* _Supplied data_:
:::
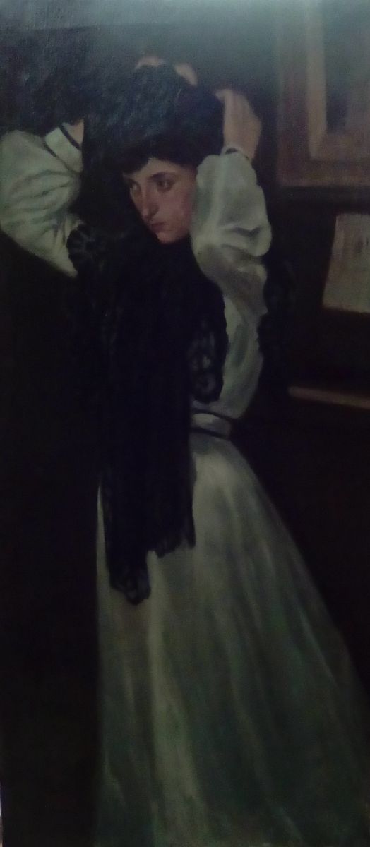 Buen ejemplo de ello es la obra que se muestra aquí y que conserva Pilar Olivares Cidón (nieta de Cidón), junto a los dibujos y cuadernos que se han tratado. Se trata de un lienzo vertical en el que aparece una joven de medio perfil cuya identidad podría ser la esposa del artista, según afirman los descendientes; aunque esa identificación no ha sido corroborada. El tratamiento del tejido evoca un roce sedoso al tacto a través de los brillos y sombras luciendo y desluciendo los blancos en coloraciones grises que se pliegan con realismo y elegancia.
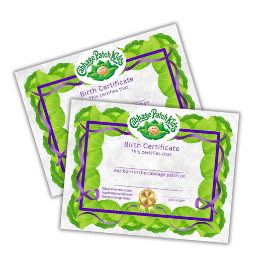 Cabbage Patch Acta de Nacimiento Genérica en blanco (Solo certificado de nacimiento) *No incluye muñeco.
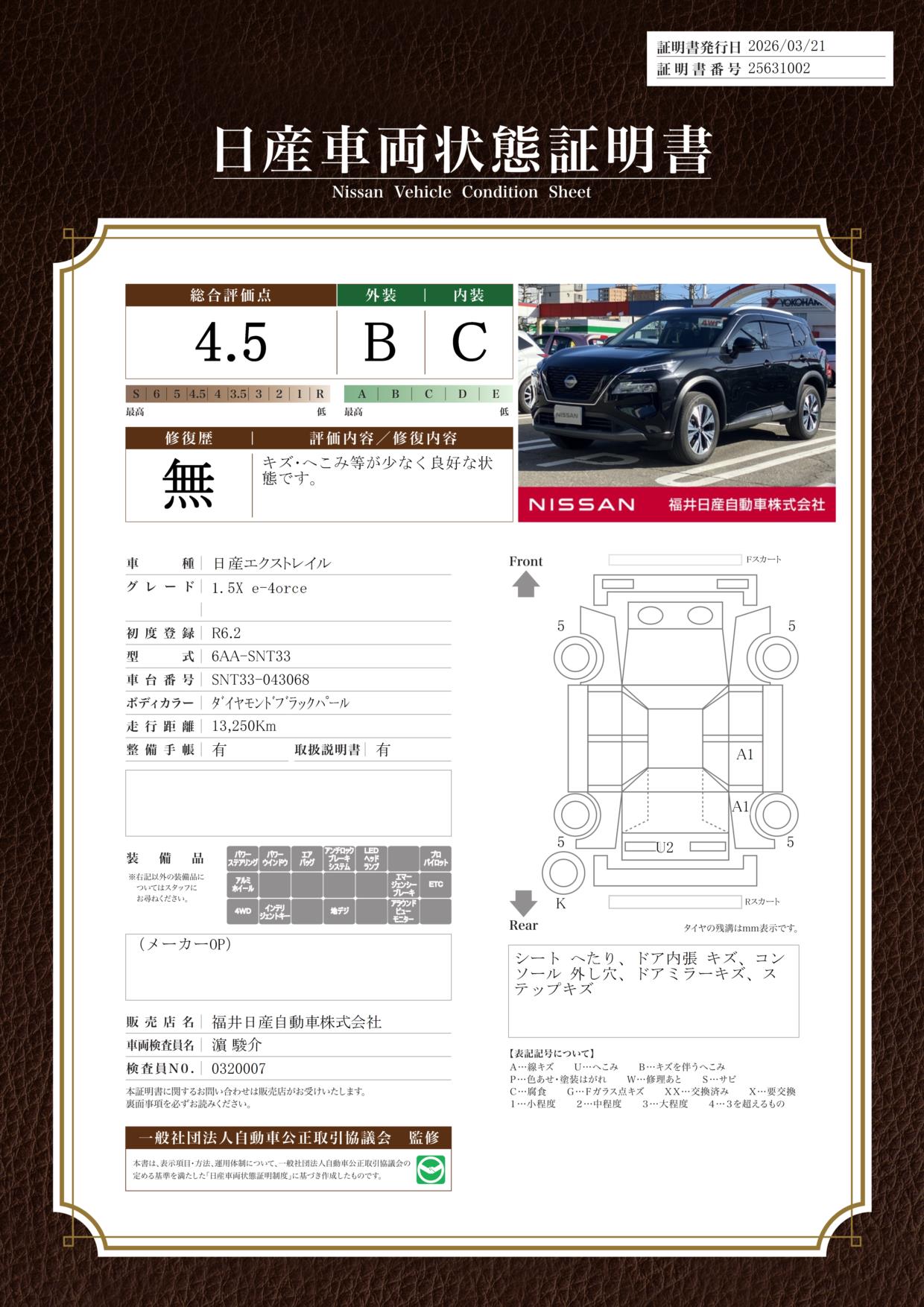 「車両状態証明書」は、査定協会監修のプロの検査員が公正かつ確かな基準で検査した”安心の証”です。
:::
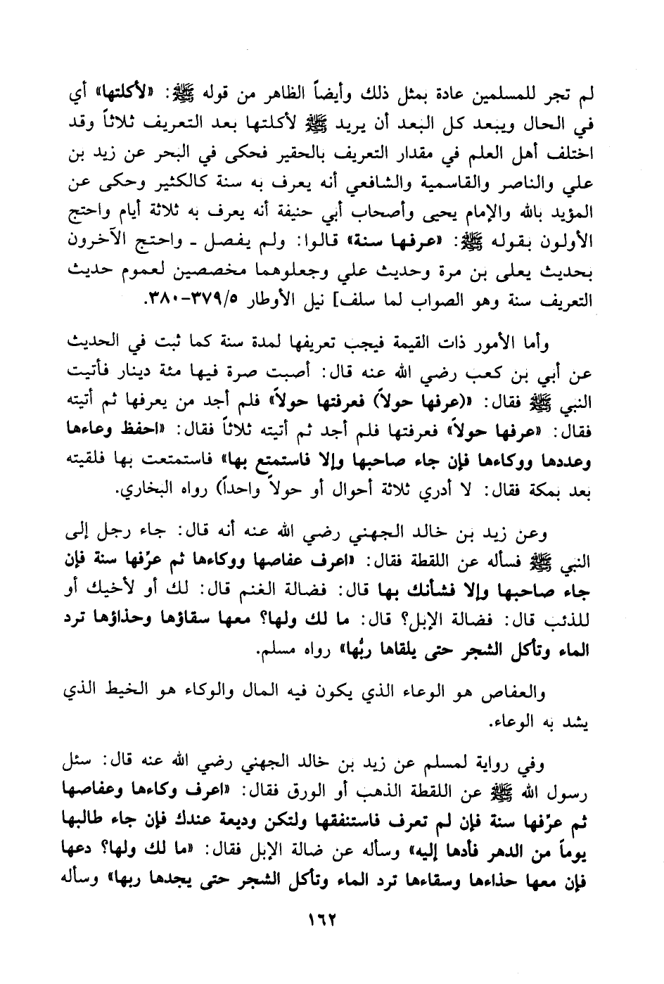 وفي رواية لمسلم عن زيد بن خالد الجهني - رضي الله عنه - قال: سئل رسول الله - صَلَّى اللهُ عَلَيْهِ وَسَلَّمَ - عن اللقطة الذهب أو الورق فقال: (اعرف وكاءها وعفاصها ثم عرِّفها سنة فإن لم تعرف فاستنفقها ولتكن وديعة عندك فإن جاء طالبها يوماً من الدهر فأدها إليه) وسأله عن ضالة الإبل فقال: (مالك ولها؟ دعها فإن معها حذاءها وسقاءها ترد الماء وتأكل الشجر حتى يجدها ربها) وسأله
:::
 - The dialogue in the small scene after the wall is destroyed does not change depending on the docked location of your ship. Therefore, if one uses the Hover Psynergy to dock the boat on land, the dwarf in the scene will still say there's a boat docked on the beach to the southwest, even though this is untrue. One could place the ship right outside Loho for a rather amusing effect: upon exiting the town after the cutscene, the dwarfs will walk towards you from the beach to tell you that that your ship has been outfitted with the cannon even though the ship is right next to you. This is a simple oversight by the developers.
:::
* _Exercise_: Output should consist of the lines above from the one with "Buen ejemplo de" down to the one with "Cabbage Patch Acta", exact and without pictures.

* _Task result_:
 Buen ejemplo de ello es la obra que se muestra aquí y que conserva Pilar Olivares Cidón (nieta de Cidón), junto a los dibujos y cuadernos que se han tratado. Se trata de un lienzo vertical en el que aparece una joven de medio perfil cuya identidad podría ser la esposa del artista, según afirman los descendientes; aunque esa identificación no ha sido corroborada. El tratamiento del tejido evoca un roce sedoso al tacto a través de los brillos y sombras luciendo y desluciendo los blancos en coloraciones grises que se pliegan con realismo y elegancia.
 Cabbage Patch Acta de Nacimiento Genérica en blanco (Solo certificado de nacimiento) *No incluye muñeco.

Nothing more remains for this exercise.